CBS’s John Dickerson Hypocritically Laments Trump Wields and Seeks to Further Expand Presidential Power

March 25th, 2025 1:25 AM

Fresh off of blaming Americans for ruining Spring, CBS anchor John Dickerson delivers another hollow, moralistic editorial from his “Reporter’s Notebook” segment which closes out the CBS Evening News Plus.

Watch the editorial in its entirety, as aired on CBS Evening News Plus on Monday, March 25th, 2025:

JOHN DICKERSON: "Give me liberty or --" you likely know how it ends. 250 years ago yesterday, Patrick Henry said, "Give me liberty or give me death" at St. John's Church in Richmond, Virginia, a pure defiant cry for freedom stamped in speeches, textbooks, and our national memory. July 4th, 2026 will mark America's 250th birthday. Henry's cry summoned the midwife. In a proclamation, President Trump quoted Thomas Jefferson: "Henry was before us all in maintaining the spirit of the Revolution." Like many founding stories, this may not be what Henry actually said. The version we know was written down 42 years after the speech, revealing more about how we choose to remember our history than what actually happened. Unlike the mythic glow of the American Revolution, there are real-time accounts of Henry's speeches during another pivotal moment: the ratification of the Constitution. He was not on the winning side. He didn't even go to the Constitutional Convention in Philadelphia, reportedly saying: "I smell a rat in Philadelphia, tending towards monarchy.” He opposed the Constitution with the passion he once used to ignite revolution, this time fearing the presidency itself could become an absolute tyranny. "If your American chief be a man of ambition, how easy it is for him to render himself absolute. What have you to oppose this force?," he asked of the presidency. "What will then become of you and your rights? Will not absolute despotism ensue?" Quotes from the Founders are used to pierce the cloud of the present with moral clarity from the past. 250 years later, as presidential powers have expanded far beyond the Founders’ vision, and as the current occupant seeks ever more, Henry’s words are not a quotation FOR The White House, but a warning about it.

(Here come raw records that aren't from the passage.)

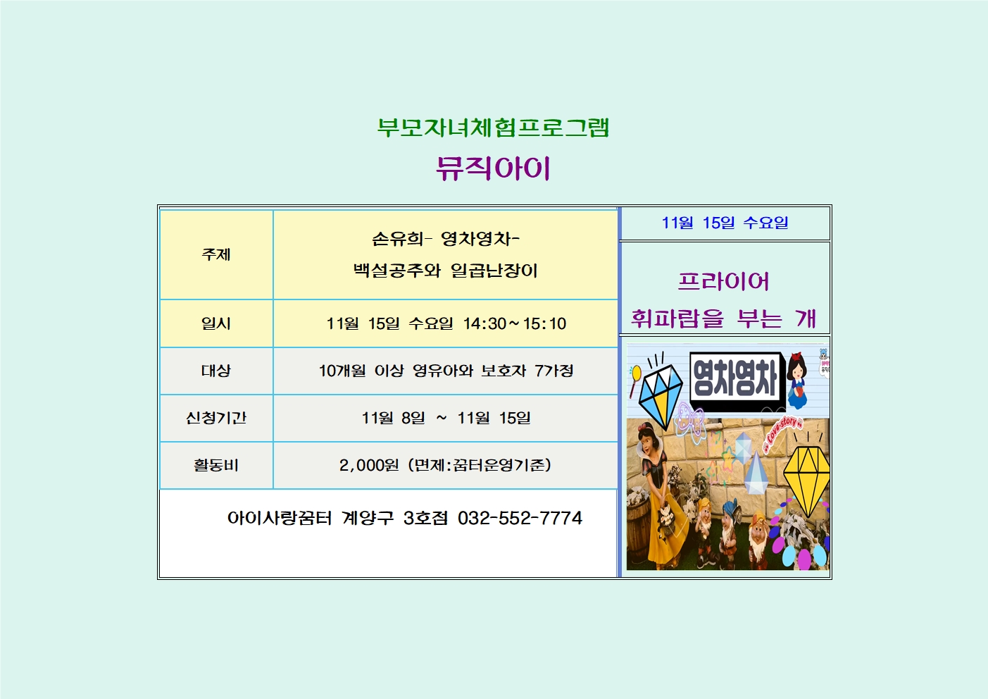 [꿈터3호점]부모자녀체험 프로그램 -뮤직아이-영차영차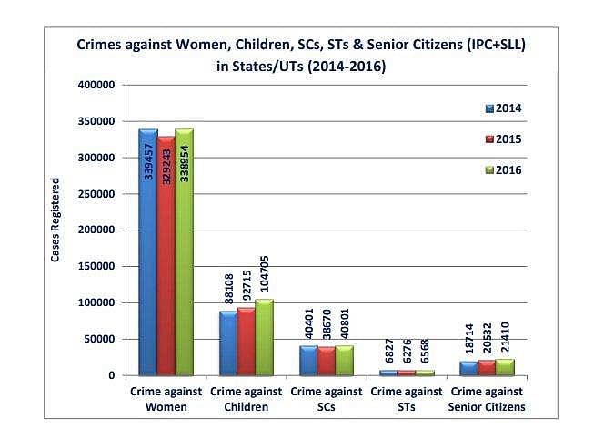 கடந்த 2013ம் ஆண்டு முதல் பெண்கள் மற்றும் குழந்தைகளுக்கு எதிராக பதிவு செய்யப்பட்ட வழக்குகளின் எண்ணிக்கை குறித்து தேசிய குற்றவியல் அமைப்பு வெளியிட்டுள்ள அறிக்கையின்படி, பெண்களுக்கு எதிராக 2014ம் ஆண்டு 3.39 லட்சம் வழக்குகளும், 2015ம் ஆண்டு 3.29 லட்சம் வழக்குகளும், 2016ம் ஆண்டு 3.38 லட்சம் வழக்குகளும் பதிவு செய்யப்பட்டுள்ளன. அதேபோன்று, குழந்தைகளுக்கு எதிராக 2014ல் 88,108 வழக்குகள், 2015ல் 92,715 வழக்குகள், 2016ல் 1,04,705 வழக்குகள் பதிவு செய்யப்பட்டுள்ளன. இவற்றில் குழந்தைகள் கடத்தல் வழக்குகள் 52.3%, பாலியல் துன்புறுத்தல் & வன்கொடுமை தொடர்பானவை 34.4% ஆகும்.
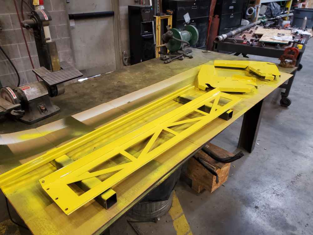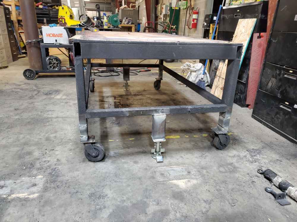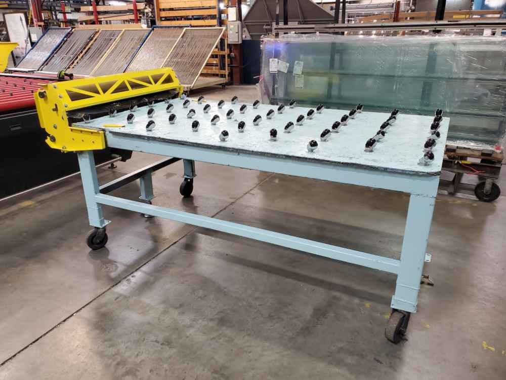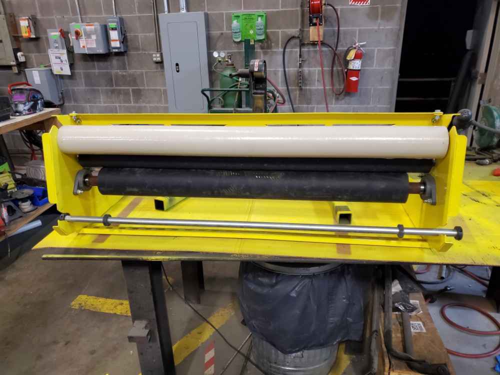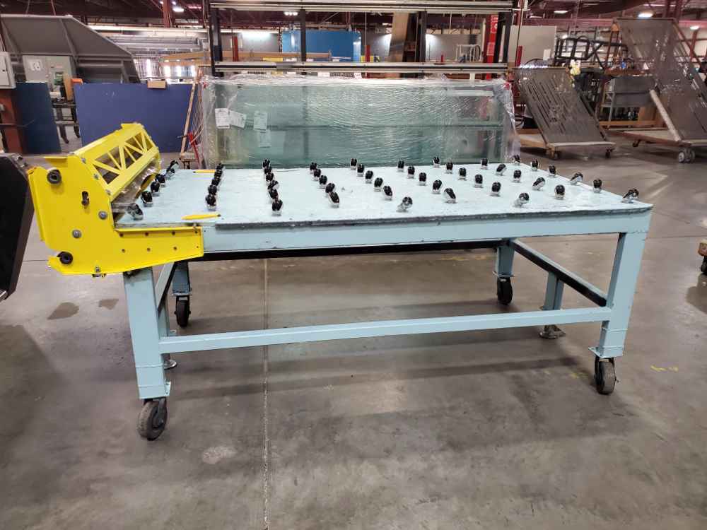 I designed and built an Industrial plastic wrapper for wrapping glass per clients requests. I designed it in CAD and cut the parts on a CNC water jet cutter and bent the parts at the stitched seams and bolted it together where the holes lined up. I modified an old table on wheels we had and bolted the wrapper to it.

I don’t recall Dickerson ever winding up a historical reference-laden editorial on the pitfalls of expanded executive power when Joe Biden and his proxies wielded it. We don’t recall Dickerson conjuring up some quote on the damage ensuing from presidential corruption of the pardon power, or on the potential dangers to our constitutional order ensuing from repeated attempts to circumvent the Supreme Court.

We don’t get any of that from Dickerson, who ultimately reminds us that there is no constitutional crisis except that Donald Trump is who wields Article II power and therefore the left and their media proxies are in crisis. Dickerson has no problem when Democrat presidents expand presidential power. It is only when the Bad Orange Man sits behind the Resolute Desk that these things are a problem.

This editorial, as smug and condescending as the others, serves to remind us that behind the mask of news anchor and “historian” (like so many others in media) lies little more than a bitter partisan, minus the dignity of those who are transparent with their partisanship- not hiding it behind florid, verbose editorials.